◆ TRY IT
Every line of the data should be written out exactly, with the pictures left out.

◆ STORED DATA
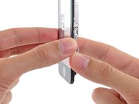 Use your fingernails to slowly lift up the left corner. The touch screen plastics are held to the touch screen with adhesive. It may take some work to free the corners.
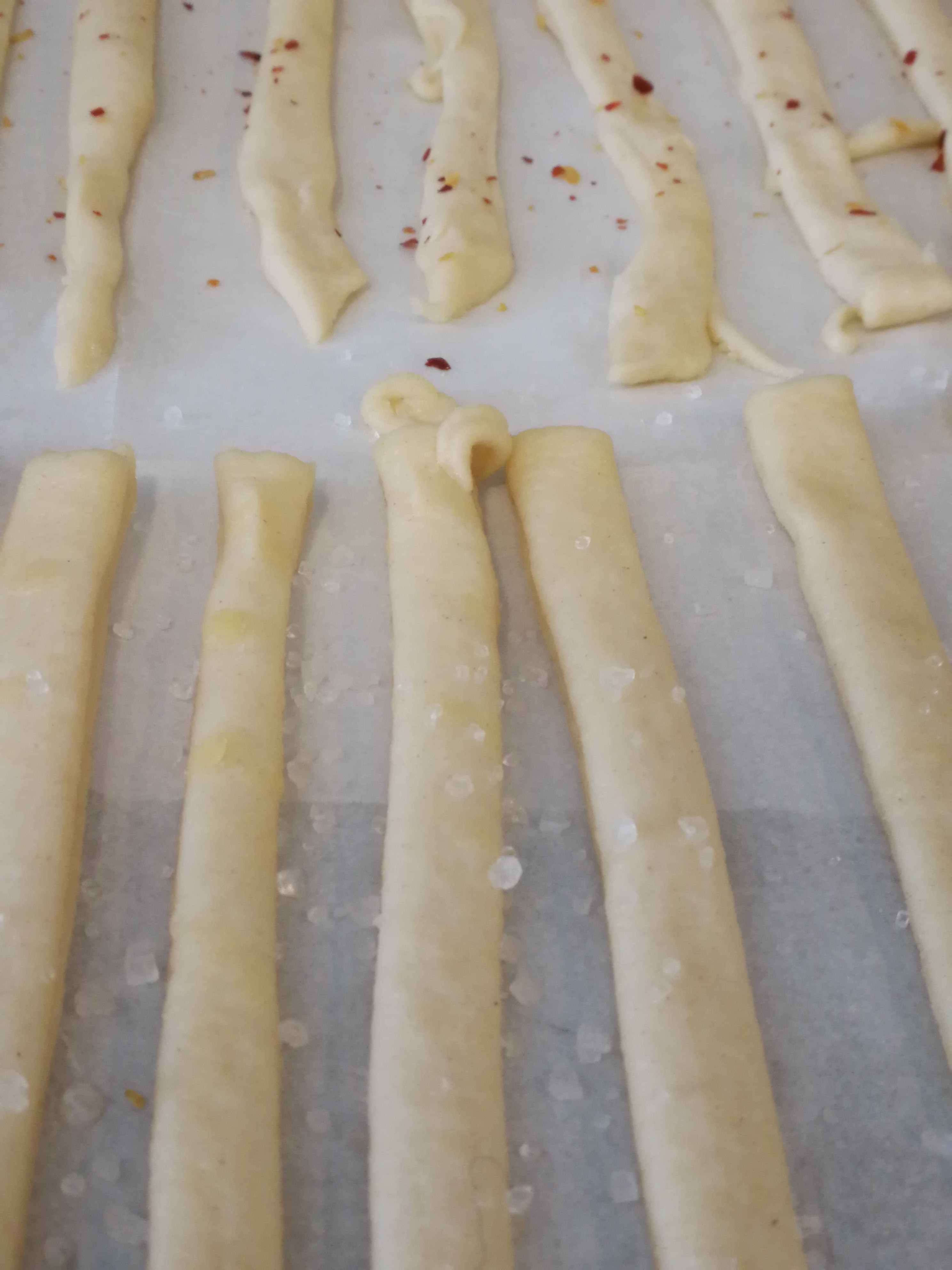Once risen, roll out into a large rectangular shape to thickness of about 5 millimetres. Ensuring surface is well dusted with flour, using a pizza wheel (cutter), cut into grissini size sticks. Brush with water, sprinkle with your choice of topping, place on baking paper on an oven tray and leave to rise for an hour.
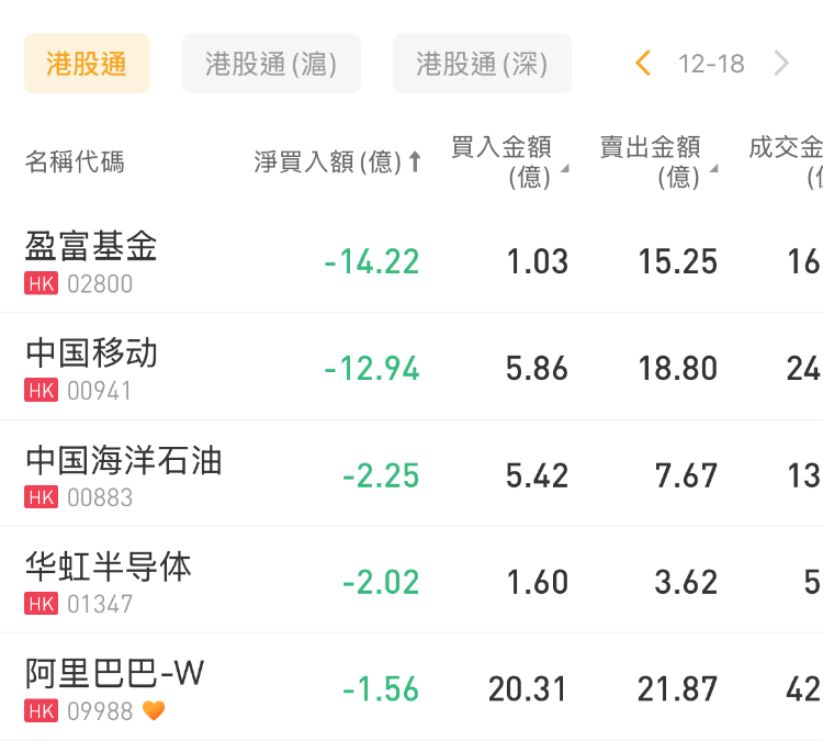 盈富基金、中国移动、中国海洋石油遭净卖出14.22亿港元、12.94亿港元、2.25亿港元。

◆ FINAL ANSWER
 Use your fingernails to slowly lift up the left corner. The touch screen plastics are held to the touch screen with adhesive. It may take some work to free the corners.
Once risen, roll out into a large rectangular shape to thickness of about 5 millimetres. Ensuring surface is well dusted with flour, using a pizza wheel (cutter), cut into grissini size sticks. Brush with water, sprinkle with your choice of topping, place on baking paper on an oven tray and leave to rise for an hour.
 盈富基金、中国移动、中国海洋石油遭净卖出14.22亿港元、12.94亿港元、2.25亿港元。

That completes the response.